Another attempt at thermal imaging is the pyroelectric vidicon, which offers the use of full frame dwell time. However, in the pyroelectric vidicon the thermal image quickly spreads through the pyroelectric and backing material by heat flow, and image detail is lost. Thus far the vidicon, while typically less expensive than the scanner, has not obtained images of scanner quality.
In the television imaging art, charge coupled devices (CCD) are being used to replace vidicons under some circumstances. New CCD systems are being developed for use with thermal wavelengths, but considerably more progress is needed to make them practical. Such devices may produce images having "TV" quality, which is inadequate for dynamic target imaging in many cases. A substantial state-of-the-art increase is needed if good thermal imaging of dynamic targets is to be accomplished.
There are urgent requirements for thermal imaging systems which can operate at 100 frames per second, obtain optical quality comparable to that available from 35 mm. film (more than 3.14.times.10.sup.7 picels), and good contrast (greater than 1,000 to 1). The thermal imaging systems now in development offer little hope for ever meeting this type of performance.

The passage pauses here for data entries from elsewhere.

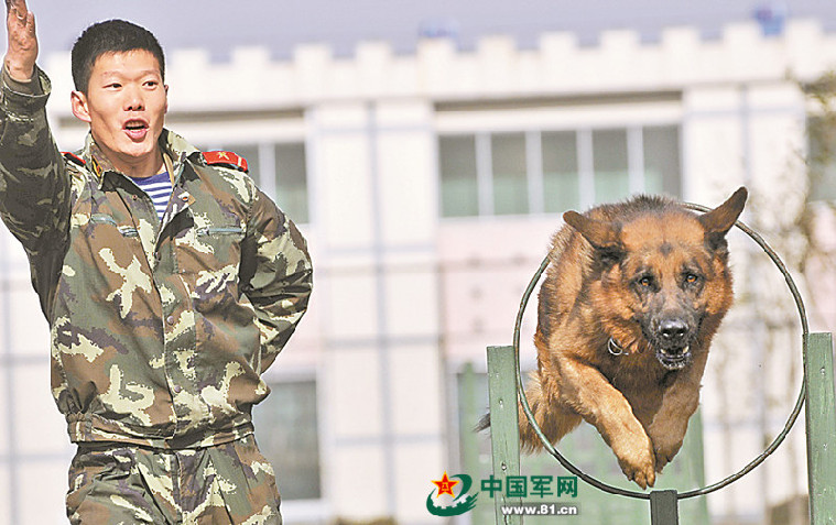 资料图:张楠在训练警犬。
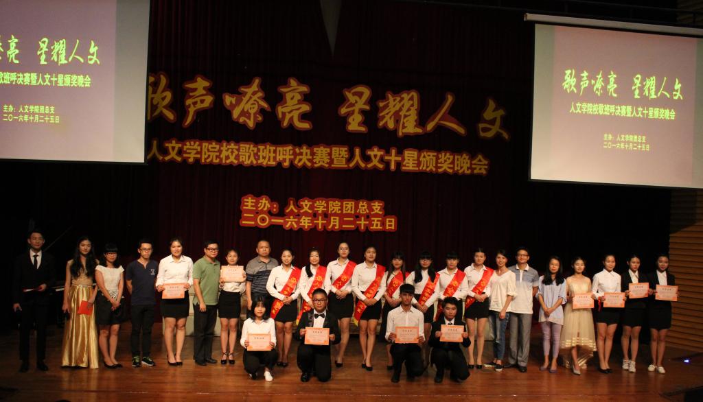 10月25日晚,我院于学术报告厅举行2016年校歌班呼决赛暨人文十星颁奖晚会。学院负责人罗春娜、副院长谢战锋、办公室主任刘少燕、全体辅导员、参赛班级及人文十星参加了此次活动。
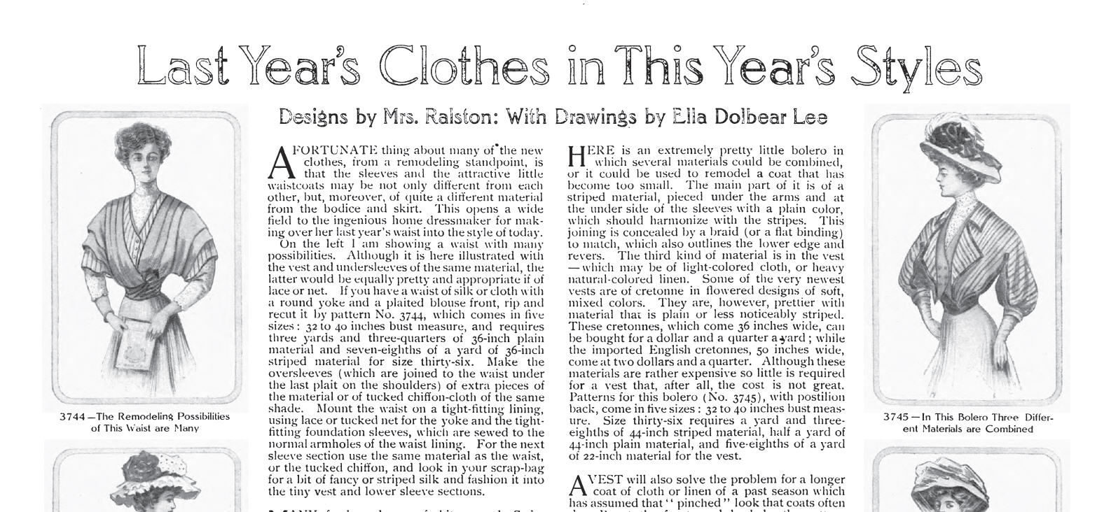 And Esther’s mother—being a skilled needlewoman—could refresh an old skirt by adding a new band of fabric to the hem, in much the same way as The Ladies Home Journal recommended in a 1908 issue:

Several problems of the prior art must be overcome in order to provide a good thermal imager:
1. The thermal image must be sensed and processed as an image, rather than as one or several picels at a time.
2. The image must be sensed and transferred into electronic storage in time sufficiently short to insure very little image smear. Times less than 100 microseconds are typically desirable.
3. Many very short time-sampled images must be integrated in electronic storage so as to enhance the image to noise ratio.
4. Very narrow band thermal spectra are typically required and the desired spectrum should be quickly and easily selectable.
5. Recording on continuously moving film, as opposed to the standard process utilizing stop action pin registration for framing, is highly desirable.